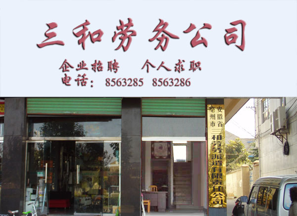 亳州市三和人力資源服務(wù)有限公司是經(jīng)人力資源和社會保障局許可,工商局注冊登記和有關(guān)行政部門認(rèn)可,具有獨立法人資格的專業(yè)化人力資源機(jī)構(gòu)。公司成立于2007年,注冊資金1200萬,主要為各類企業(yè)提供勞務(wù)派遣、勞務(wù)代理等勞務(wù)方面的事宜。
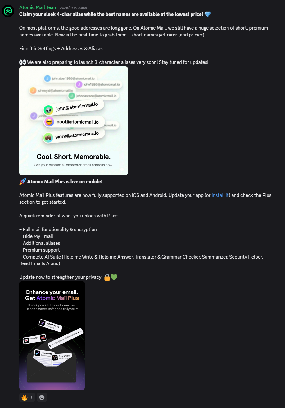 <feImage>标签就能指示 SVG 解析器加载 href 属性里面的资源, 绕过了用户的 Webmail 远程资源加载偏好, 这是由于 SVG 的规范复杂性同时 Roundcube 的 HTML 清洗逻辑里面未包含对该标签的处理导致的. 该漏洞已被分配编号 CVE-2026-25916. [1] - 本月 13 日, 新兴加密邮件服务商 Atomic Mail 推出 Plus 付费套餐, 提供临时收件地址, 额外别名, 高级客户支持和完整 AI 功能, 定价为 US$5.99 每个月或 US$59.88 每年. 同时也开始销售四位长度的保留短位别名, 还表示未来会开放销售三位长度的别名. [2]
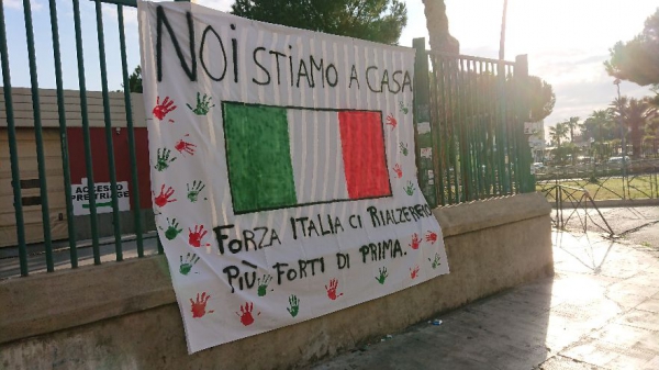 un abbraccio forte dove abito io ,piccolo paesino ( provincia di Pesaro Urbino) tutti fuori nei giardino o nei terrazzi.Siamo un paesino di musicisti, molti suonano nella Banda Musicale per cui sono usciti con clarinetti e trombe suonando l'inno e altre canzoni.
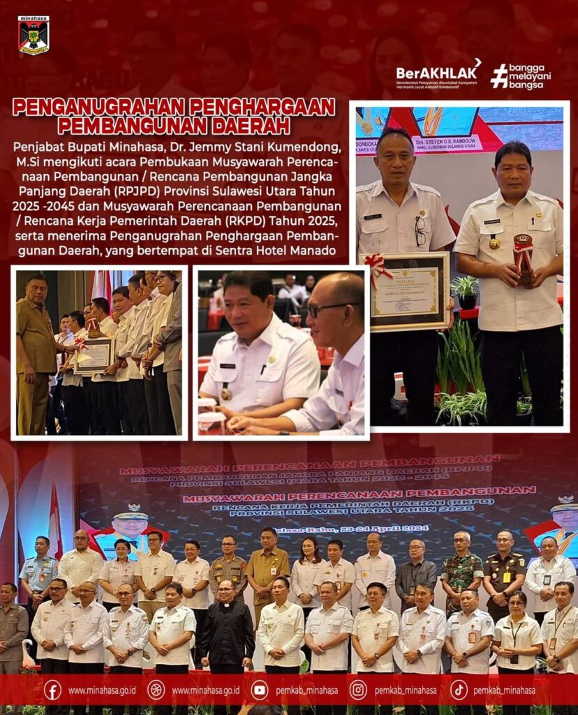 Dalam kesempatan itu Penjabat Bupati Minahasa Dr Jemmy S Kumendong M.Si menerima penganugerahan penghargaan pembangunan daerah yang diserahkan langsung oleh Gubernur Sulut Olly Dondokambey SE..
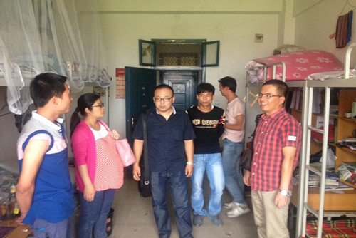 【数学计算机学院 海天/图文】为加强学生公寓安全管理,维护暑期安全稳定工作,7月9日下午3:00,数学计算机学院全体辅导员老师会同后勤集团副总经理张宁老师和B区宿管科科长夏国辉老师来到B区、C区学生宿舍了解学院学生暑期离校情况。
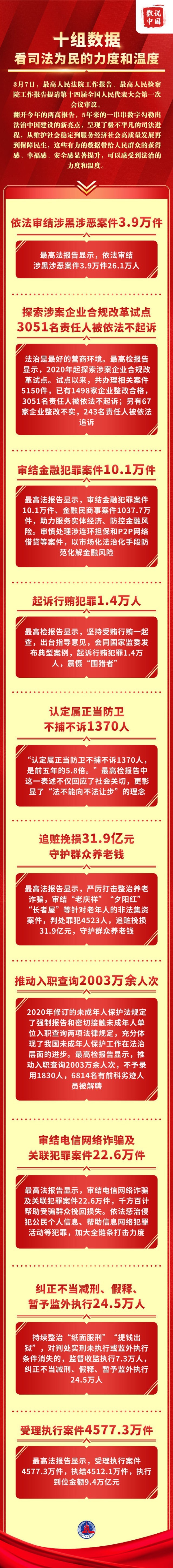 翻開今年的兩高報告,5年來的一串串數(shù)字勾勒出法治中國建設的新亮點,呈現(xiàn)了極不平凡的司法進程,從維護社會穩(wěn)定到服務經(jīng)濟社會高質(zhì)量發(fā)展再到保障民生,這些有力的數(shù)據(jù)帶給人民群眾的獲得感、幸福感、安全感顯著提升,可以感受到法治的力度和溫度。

====

# What you will do
Everything from the line with "Dalam kesempatan itu" through the final line of the material is to be returned exactly, both ends included, apart from the pictures.

# Your solution
 Dalam kesempatan itu Penjabat Bupati Minahasa Dr Jemmy S Kumendong M.Si menerima penganugerahan penghargaan pembangunan daerah yang diserahkan langsung oleh Gubernur Sulut Olly Dondokambey SE..
 【数学计算机学院 海天/图文】为加强学生公寓安全管理,维护暑期安全稳定工作,7月9日下午3:00,数学计算机学院全体辅导员老师会同后勤集团副总经理张宁老师和B区宿管科科长夏国辉老师来到B区、C区学生宿舍了解学院学生暑期离校情况。
 翻開今年的兩高報告,5年來的一串串數(shù)字勾勒出法治中國建設的新亮點,呈現(xiàn)了極不平凡的司法進程,從維護社會穩(wěn)定到服務經(jīng)濟社會高質(zhì)量發(fā)展再到保障民生,這些有力的數(shù)據(jù)帶給人民群眾的獲得感、幸福感、安全感顯著提升,可以感受到法治的力度和溫度。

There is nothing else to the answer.